Folks,
This is how I would extract links off from a webpage:
<?php
//Assuming your contents are in a variable called $contents
//New DOM Document
$document = new DOMDocument;
//Load HTML in $contents variable
$document->loadHTML($contents);
//Get all links
if($links = $document->getElementsByTagName('a')) {
//Loop through all links
foreach($links as $node) {
//Get link location (href)
$link_href = $node->getAttribute('href');
//Get link text
$link_text = $node->nodeValue;
}
}
?>
This is how I would extract images off from a webpage:
<?php
//Assuming your contents are in a variable called $contents
//New DOM Document
$document = new DOMDocument;
//Load HTML in $contents variable
$document->loadHTML($contents);
//Get all links
if($links = $document->getElementsByTagName('img')) {
//Loop through all links
foreach($links as $node) {
//Get source of the image (src attribute)
$img_src = $node->getAttribute('src');
//Get alt text of the image (alt attribute)
$img_alt = $node->getAttribute('alt');
}
}
?>
This is how I would extract jSON off from a webpage:
<?php
//Assuming your contents are in a vairable called $contents
//Check if the JSON is valid
//Attempt to decode; return true for valid if no errors were found.

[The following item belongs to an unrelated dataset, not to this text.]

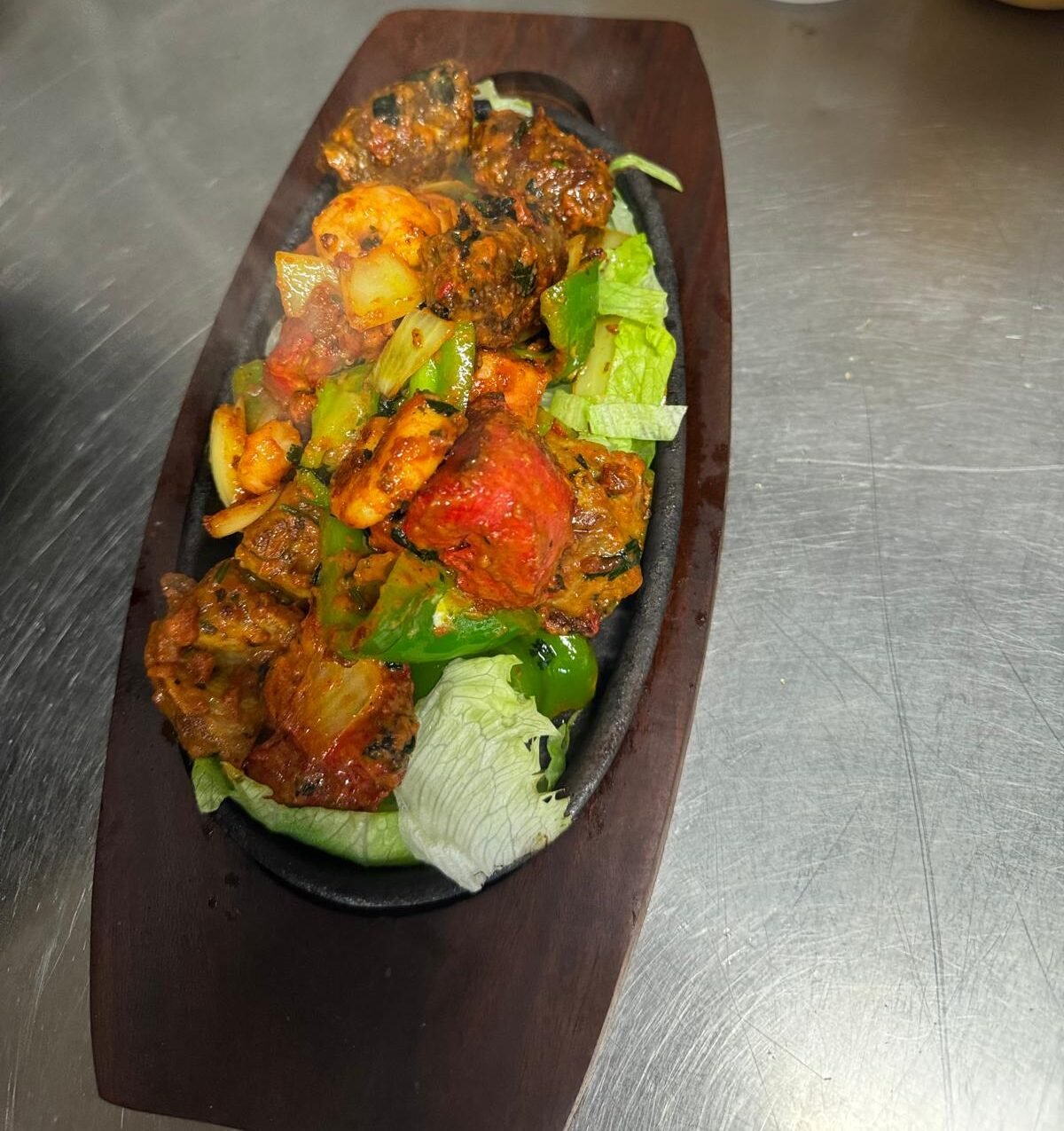 pescado, carne, pollo, cordero marinados con especias tradicionales, horneados en el

//Otherwise return false for an error
function checkIfJSONValid($t) {
json_decode($t);
if(json_last_error() == JSON_ERROR_NONE) {
return true;
}
return false;
}
//Match all JSON and filter for valid JSON contents
$json_matches = Array();
$pattern = '/\{(?:[^{}|(?R))*\}/x';
preg_match_all($pattern, $contents, $json_matches);
$json_valid = array_filter($json_matches, 'checkIfJSONValid');
//Loop through all valid JSON strings
foreach( $json_valid as $json ) {
//Decode JSON
//Second parameter specifies to use an associative array for the decoded JSON data
$data = json_decode($t, true);
//JSON is now in an array in the $data variable
}
?>
But …
Q1. How to extract an email address off from the webpage ?

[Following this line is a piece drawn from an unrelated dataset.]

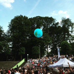 Diesen Gedanken scheint auch einer der Sänger gehabt zu haben, denn dieser nimmt einen riesengroßen Luftballon in Form eines Globus und fragt eine Dame aus der ersten Reihe, wo sie denn gerade gerne hinreisen würde. Er dreht den Ballon und sie tippt auf Südamerika und während seine Bandkollegen sich bereit machen, um das nächste Lied im lateinamerikanischen Stil anzustimmen, versäumt er es nicht, sinngemäß zu sagen “Urlaub ist da, wo wir gerade sind”. Dann spielt er den federleichten Globus in die Menge und die Weltkugel wandert durch die tanzende Menschenmenge.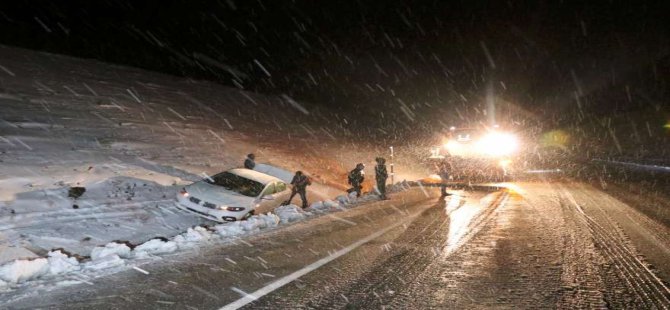 Erzincan’da etkili olan kar yağışı ve tipi, ulaşımda aksamalara neden oldu. Kentin yüksek kesimlerinde akşam saatlerinde etkili olmaya başlayan kar yağışı ve tipinin ardından Erzincan-Sivas kara yolundaki Sakaltutan Geçidinde ulaşım güçlükle sağlanıyor. Olumsuz hava koşulları nedeniyle hazırlıksız yakalanan bazı sürücülere, araçların trafiği engellememesi için kara yolları ve polis ekipleri iş makineleriyle destek verdi. Karayolları ekipleri, iş makineleriyle yolları kardan temizleyip tuzlama yaparak trafiği açık tutmaya çalışıyor. Polis ekipleri ise yollarda kar yağışı nedeniyle tır ile çekici gibi ağır tonajlı araçları durdurup sürücüleri uyardı.

Care to show me a code sample ?
Q2. How to extract Page Title off from the webpage ?
Care to show me a code sample ?
Q3. How to extract Meta Keywords off from the webpage ?
Care to show me a code sample ?
Q4. How to extract Meta Description off from the webpage ?
Care to show me a code sample ?
You may take my above codes and modify and then paste here for us newbies to learn from. Do you see how similar all my 3 codes look like ? How-about showing me 4 more similar codes to extract the 3 things I just mentioned ?